Varias semanas después de que nos conocimos, él me invitó a su hogar, que era una habitación alquilada en una casita de madera ubicada en la esquina de las calles Market y Lafayette. Dijo que tenía algo que contarme y un regalo para darme. La entrada estaba al lado sur de la estructura blanca de madera.
—Aquí tiene su casa—dijo, dándome la bienvenida y ofreciéndome una silla de madera para que me sentara. El cuarto no tenía ventanas y se percibía un fuerte olor a sal y a sudor. En la esquina trasera había una pequeña mesa de cocina. Encima de ella había una bandeja de cocinar eléctrica y dos ollas y una sartén abolladas. Debajo de la mesa había un lavamanos de aluminio, una pila de alimentos enlatados, algunos refrescos embotellados y una caja de macarrones. Sobre su cama portátil estaba colgado un calendario con la imagen de la Virgen de Guadalupe. Cerca de su cama había un cajón de madera lleno de libros y revistas que llevaba la etiqueta de la empresa Del Monte. Se sentó en un taburete de madera, a la derecha de la entrada. Como de costumbre, iba vestido con pantalones kakis y una camisa azul de algodón de manga larga, abierta ligeramente en el cuello.
—Me alegro de que vinieras. No podía haberme ido sin despedirme antes de ti.
—Irse, ¿pero por qué?—yo estaba sorprendido y decepcionado.
—Me voy de regreso a Paredones. Echo de menos a mi familia y a mi país. He estado enviando dinero a casa cada mes para pagar los gastos del doctor y, gracias a Dios, mi esposa ya se alivió. La vida es muy dura para nosotros en este país. Hay gente aquí que piensa que nosotros, los mexicanos, no somos más que animales. En Texas yo vi carteles en los restaurantes que decían "No se aceptan perros ni mexicanos". Eso es humillante.

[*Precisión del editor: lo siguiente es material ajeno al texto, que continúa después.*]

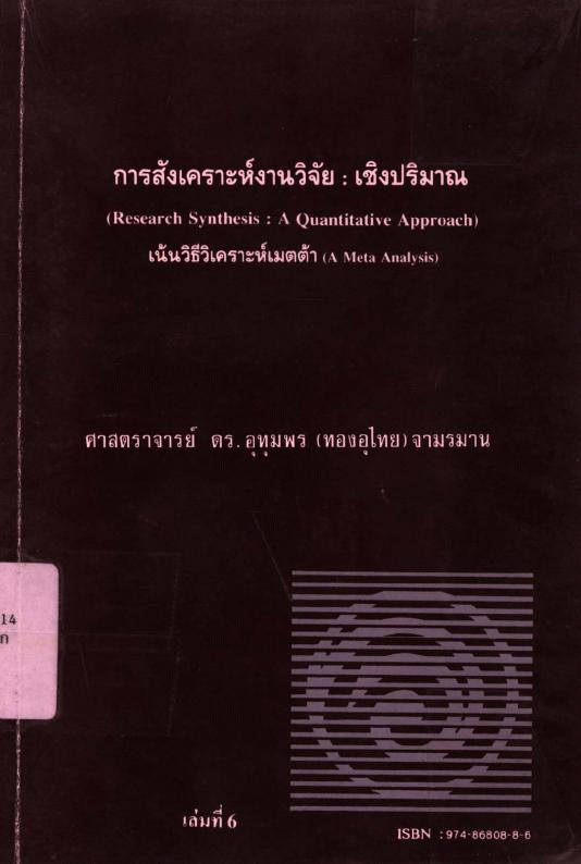 การสังเคราะห์งานวิจัย : เชิงปริมาณ เน้นวิธีวิเคราะห์เมตต้า เล่มที่ 6 / อุทุมพร (ทองอุไทย) จามรมาน.
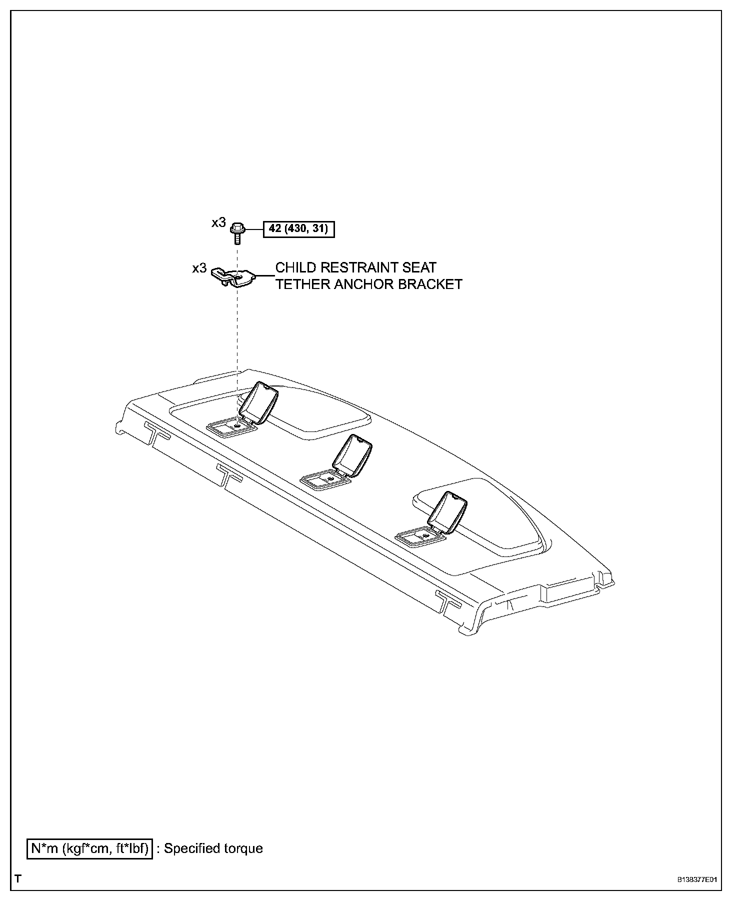1. REMOVE CHILD RESTRAINT SEAT TETHER ANCHOR BRACKET

—Sí, lo es—sus palabras me recordaron a Díaz, un contratista de mano de obra que yo había conocido en otro tiempo. Él trató de obligar a un bracero a jalar del arado como un buey y, cuando el peón se negó, el contratista hizo que lo deportaran de vuelta a México.
—Pero soportamos esos sufrimientos por el bien de nuestros hijos—dijo él con una chispa brillándole en los ojos. Se santiguó tres veces y agregó—: Y gracias a la Virgen de Guadalupe y a los bondadosos padres jesuitas de Santa Clara, ahora puedo ya regresar a mi casa y estar con mi familia.
Yo me sentía contento por él y alegre de que su esposa estuviera bien ahora, pero me entristecía verlo irse. Él se levantó, caminó hacia el cajón de Del Monte, sacó un libro muy gastado y me lo entregó como un regalo.
—Muchas gracias—le dije, echándole una mirada al título, La patria perdida, y preguntándome por qué el autor lo habría llamado así.
—Una amiga que estimo mucho me dio esta novela y me suplicó que no viniera a los Estados Unidos. Ella dijo que su papá había muerto en el desierto tratando de cruzar la frontera y no quería que yo corriera la misma suerte. El autor vivió en San Antonio, Texas, unos cuantos años. Y mientras él vivió ahí, sufrió la discriminación y, al igual que yo, echaba mucho de menos su patria. Él escribió sobre eso en esta novela, así que cuando la leas acuérdate de mí.
—La leeré. Es un gran regalo. Gracias de nuevo—dije. Nos despedimos y nos prometimos mutuamente mantenernos en contacto. Nunca volví a saber nada de él, pero me sentía agradecido de haberlo conocido. Él me ayudó a comprender mejor los anhelos de mi papá por su patria y su prolongado sueño de regresar a México con toda su familia.